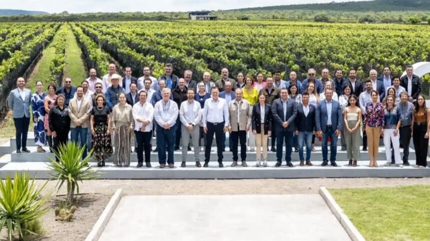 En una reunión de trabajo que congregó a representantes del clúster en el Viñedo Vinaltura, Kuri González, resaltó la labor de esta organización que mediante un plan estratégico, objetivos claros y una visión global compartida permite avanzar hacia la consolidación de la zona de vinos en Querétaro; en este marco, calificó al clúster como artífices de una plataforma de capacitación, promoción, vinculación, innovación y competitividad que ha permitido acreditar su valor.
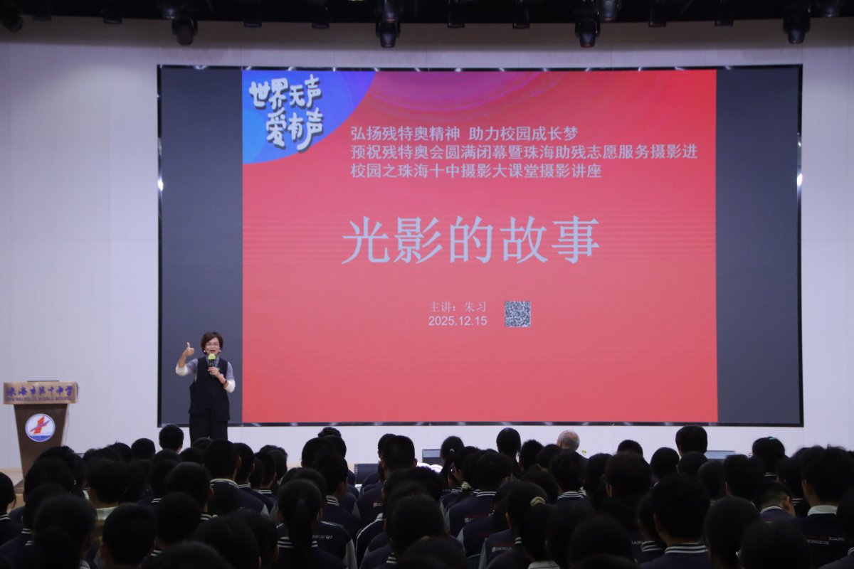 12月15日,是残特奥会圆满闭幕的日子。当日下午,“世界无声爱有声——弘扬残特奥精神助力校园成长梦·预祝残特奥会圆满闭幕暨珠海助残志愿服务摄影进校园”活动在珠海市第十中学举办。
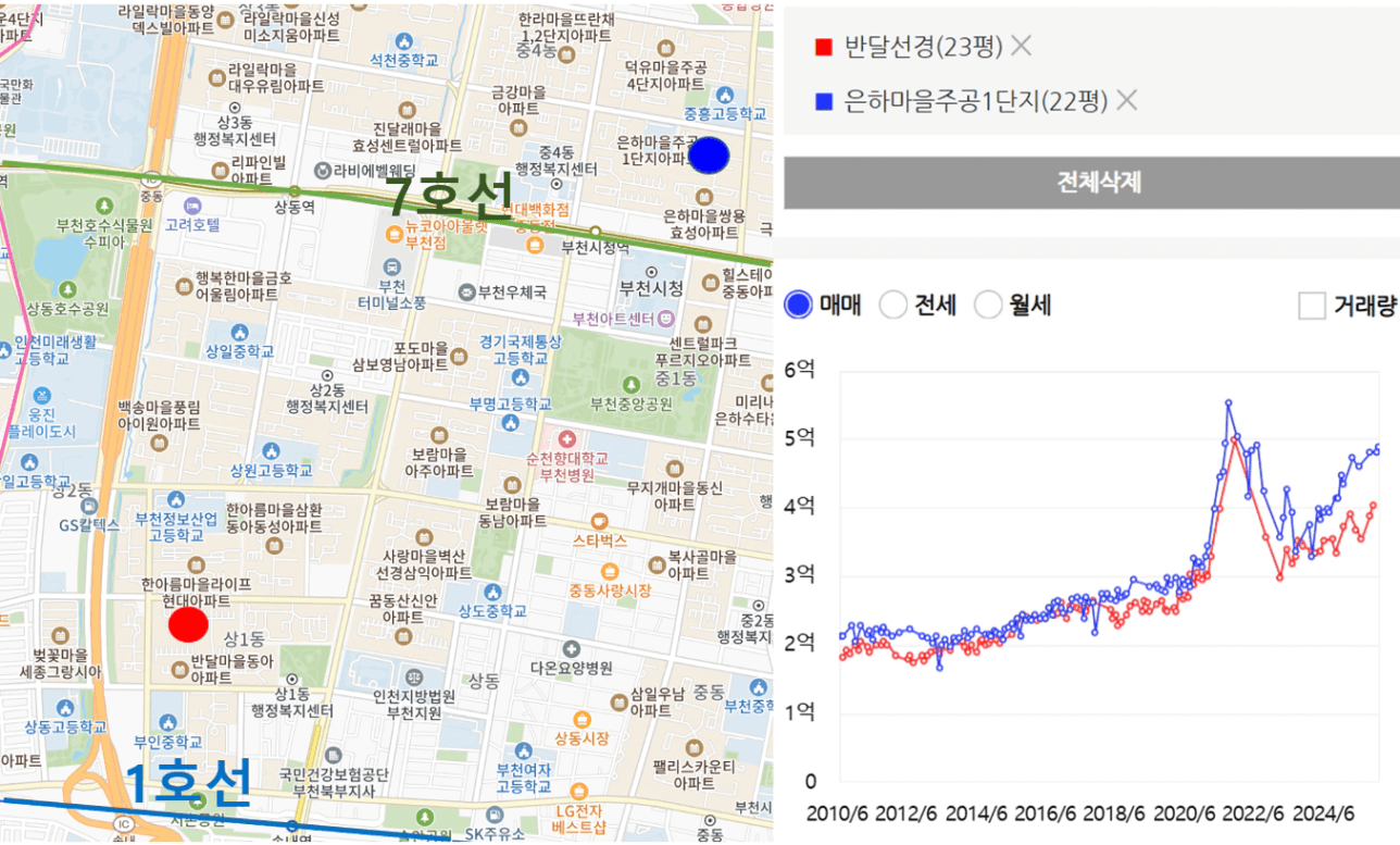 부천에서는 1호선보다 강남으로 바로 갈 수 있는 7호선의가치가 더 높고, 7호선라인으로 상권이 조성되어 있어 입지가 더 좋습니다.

→ **WORK REQUIRED**: Every line above should be repeated exactly; pictures stay out of the copy.

→ **RESULT FOR THIS TASK**:
 En una reunión de trabajo que congregó a representantes del clúster en el Viñedo Vinaltura, Kuri González, resaltó la labor de esta organización que mediante un plan estratégico, objetivos claros y una visión global compartida permite avanzar hacia la consolidación de la zona de vinos en Querétaro; en este marco, calificó al clúster como artífices de una plataforma de capacitación, promoción, vinculación, innovación y competitividad que ha permitido acreditar su valor.
 12月15日,是残特奥会圆满闭幕的日子。当日下午,“世界无声爱有声——弘扬残特奥精神助力校园成长梦·预祝残特奥会圆满闭幕暨珠海助残志愿服务摄影进校园”活动在珠海市第十中学举办。
 부천에서는 1호선보다 강남으로 바로 갈 수 있는 7호선의가치가 더 높고, 7호선라인으로 상권이 조성되어 있어 입지가 더 좋습니다.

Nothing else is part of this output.